The real pinch has not yet come. A year ago there were 51,000,000 employed people in the U.S.

Within a year the armed services will reach 10-13,000,000, the youngest and the best.

War industry will need an estimated 20,000,000.

No one has yet figured out how many millions will be required to supply the nation's basic economic needs for food, clothing and the necessities of life. But probably the U.S. must have about 63,000,000 men & women in the armed forces, war industry and essential civilian jobs by the end of 1043.

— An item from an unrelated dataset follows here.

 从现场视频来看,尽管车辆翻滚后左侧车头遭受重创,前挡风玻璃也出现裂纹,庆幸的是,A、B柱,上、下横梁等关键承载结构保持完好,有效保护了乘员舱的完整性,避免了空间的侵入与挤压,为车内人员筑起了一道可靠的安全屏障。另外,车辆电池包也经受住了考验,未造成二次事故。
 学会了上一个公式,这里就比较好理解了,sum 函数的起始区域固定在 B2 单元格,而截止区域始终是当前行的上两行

M-Day for Manpower is just around the corner. The nation has let experienced farm hands follow the lure of higher wages to the cities, to become rank apprentices at a new trade. It has let draft boards pluck skilled and infinitely precious war workers from industry. It has let the Navy's busy recruiting trucks roam the nation, picking and choosing, skimming off the cream of American manpower with hardly a thought to national policy. Now the month of crisis is at hand.

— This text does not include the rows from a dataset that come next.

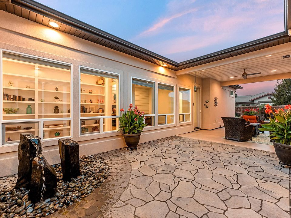 OPEN HOUSE SAT. OCT 4TH FROM NOON TO 3:00 PM. Gorgeous custom-built home on a quiet cul-de-sac. Thoughtfully designed horseshoe layout features walls of windows surrounding the beautifully paved courtyard, filling the home with natural light and creating an open, oasis-like feel. Just steps outside, enjoy the year-round outdoor experience w/2 separate covered seating areas, lg gas fire pit, garden space, and the tranquility of 2 water features. Home features top-of-the-line upgrades throughout w/spacious bedrooms; one room plumbed for wet bar. Mstr bath w/dual vanity, soaker tub, and two-door walk-through shower. Lg walk-in butler’s pantry, central vac w/equipment, fireplace, and built-in shelving, water softner. Finished 2-car garage w/epoxy floors, attached shop w/upgraded electrical, utility sink, cabs/shelving. Leave your car at home—minutes to shopping, dining, and more. Short path to 82-acre Freedom Park w/pond, pools, pickleball, tennis courts, and clubhouse. HOA incl. internet, irrigation, mowing, snow removal, sprinkler startup/blowout.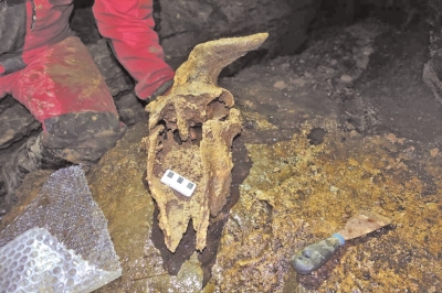 | 在贵州绥阳双河洞发掘现场发现的羚牛头骨。 受访者供图 |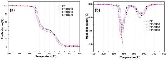 As Figure 7 shows, there were two rapid descents in the TG curve, which corresponded to the two peaks in the DTG curve. These indicated that there were two weight-loss processes in the thermal degradation of all EP thermosets under air atmosphere. However, it was clear that the TG and DTG curves of EP–DSD thermosets were different from those of neat EP. Although the loading of DSD did not change the two-stage thermal degradation of EP thermosets under air atmosphere, it advanced the decomposition time. As shown in Table 3, compared with neat EP, the loading of DSD resulted in a lower T5% for EP/DSD thermosets, and it decreased from 369.7 °C for neat EP to 346.4 °C for EP–DSD9. Besides, with the increasing of DSD content, higher char yields at Tmax and 700 °C could be observed when compared with neat EP. This suggests that the introduction of DSD could reduce the weight loss and promote the formation of char residues, and hence improve the thermal stability.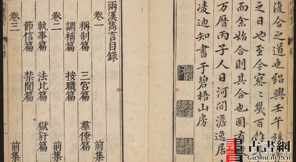 四库提要介绍:《两汉隽言》明凌迪知编。宋林越作《汉隽》,所采止于《西汉》。迪知因仿越体例,辑《后汉》故实,与越书合为一编,改题今名。自第一卷至十卷,皆林氏之旧,题曰《前集》。十一卷至十六卷,迪知所续者,题曰《后集》。采摭亦备。然不自为一书,而补葺旧本,创立新名,是则明人之结习矣。
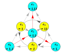 A convenient mnemonic is given by the diagram at the right, which represents the multiplication table for the split-octonions. This one is derived from its parent octonion (one of 480 possible), which is defined by:

Manpower. Since April, when President Roosevelt made tall, tan and terrific-Paul Vories McNutt head of WMC, Americans have expected the Manpower Tsar to start ordering them around: to tell businessmen whom they could hire, snatch housewives out of their homes. They did not realize that his title was ersatz, that he has authority to make policy but none to carry it out, that in all Washington there is hardly a man willing to lift a finger to give him that power. He cannot yet give orders to any worker. The nation's 6,500 independent draft boards take men without a thought to WMC. All McNutt can do is persuade Major General Lewis B. Hershey, National Director of Selective Service, to issue directives—which the boards can then blithely ignore.

In these circumstances it is not surprising that McNutt made less noise than any other high Washington official. He spent the last two weeks of August on vacation, returned to his office for one day, promptly took off on a four-day junket for a Labor Day speech in Omaha. He returned to Washington for nine more days, then was off to make a speech at the American Legion convention in Kansas City.